[Gormo]

If he has implemented mitigations for all of the applicable risks of the software he's using, how is that "not the behavior of a security expert".

To my mind, a security expert is someone who understands the functional details of specific vulnerabilities, and explains how to mitigate them, not someone who makes vague, cargo-culty judgments about entire applications or OSes.

[paulryanrogers]

He was browsing the web, that's pretty high risk. And sticking to reputable sites isn't enough when their ads could contain malware. While it sounds like he doesn't use XP anymore, (IIRC) he was using it for the Internet well beyond its EOL.

He also admitted to having trouble getting his dev environment working on newer OS's. My guess is he was rationalizing the choice to stick with XP to avoid the friction of upgrading development tools. Which is odd since he's not afraid to delay things for years and ultimately has upgraded his environments anyway.

[wolpoli]

Steve Gibsons was always a bit of a laggard in adopting things through. He was writing pages about how assembly languages create small programs in the late 90s when that advantage was no longer relevant, running a newsgroup server and hooking up a web UI as a web forum, and so on.

[naikrovek]

Considering final application size as well as CPU and RAM usage will always be important, whether people believe them to be or not.

I won’t ever go so far as to recommend that others write stuff in Assembly, but I’d love to be able to do that.

CPU and RAM will matter so long as users are billed by those metrics. More RAM will always be more expensive than less RAM, and faster CPUs will always be more expensive than slower CPUs. If you write software that is used as scale, I would consider it a moral failing if you do not consider how many resources your application uses at scale and you do not make some effort to increase the efficiency of your application in some way.

Accordingly, I have almost zero respect for JavaScript developers, especially server-side JavaScript developers. Server-side JavaScript developers know that JS is inefficient and they choose to use it, anyway. How much coal has been burned exclusively to allow JavaScript developers to run Node on the server, instead of some other, more efficient language? A LOT, I guarantee it.

Performance and efficiency matter a lot at scale. At the small scale, no user has ever complained that their application was too fast or that it didn’t use enough RAM.

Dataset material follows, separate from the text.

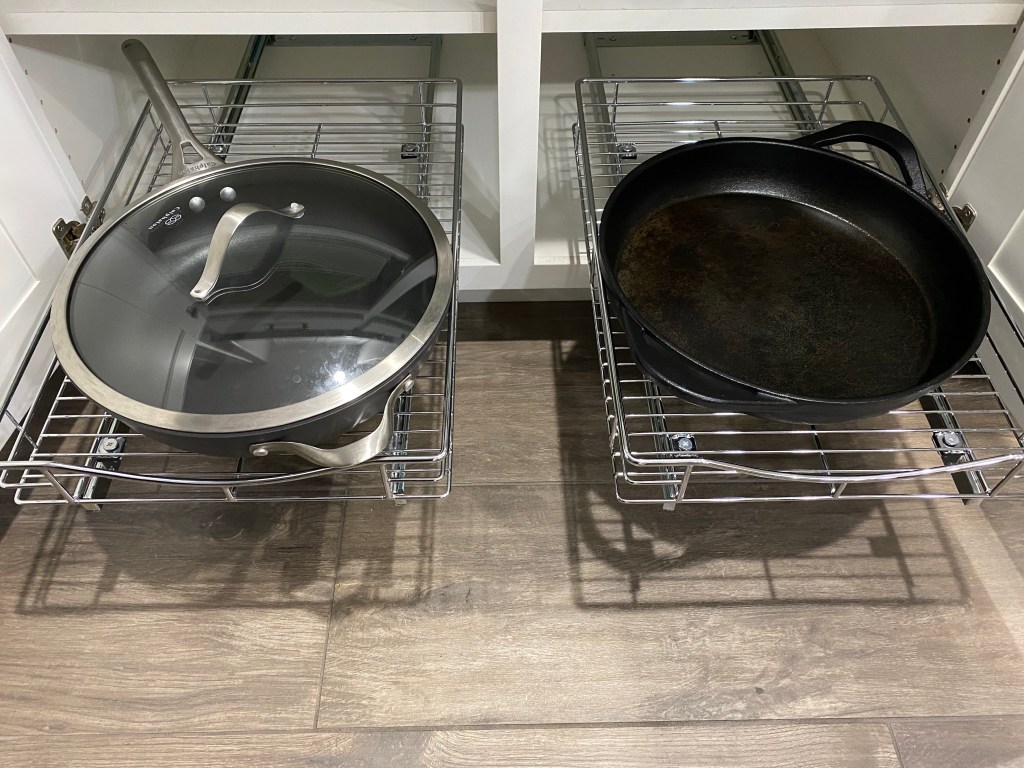 Pots, Pans, cookware, and bakeware are generally the most difficult thing to organize in a kitchen. They are bulky, different sizes, and don’t often stack easily – and sometimes shouldn’t be stacked at all (teflon). No matter how nicely you stack and store them, you’ll often find yourself needing an item nestled in the middle, undoing the whole stack. And that’s not even taking into consideration the lids!

When you invoke a Lambda trillions of times per year, every last byte of RAM and every millisecond of CPU time matters. My employer has a few Lambdas which are invoked tens of trillions of times per year, and we saved a lot of money moving from Python to compiled languages. We’d save a lot more if we knew how to write assembly.

[TeeMassive]

> especially server-side JavaScript developers. Server-side JavaScript developers know that JS is inefficient and they choose to use it

I'm in no way a JS fan, but this take is wrong. The main reason JS is on the server side is because it makes the transition between server side and client side trivial. Not everyone runs SAAS with billions of requests every seconds.

In terms of not only money and time, but also resources and energy spent, this increase in software productivity it is worth it in most cases.

[Gormo]

The advantage of writing code in assembly was relevant then, and remains relevant now.

Given the vast regressions in usability and compatibility of software generally that we've seen in the past 10-15 years, someone maintaining and extending the functionality of superior older technology is doing something unequivocally useful.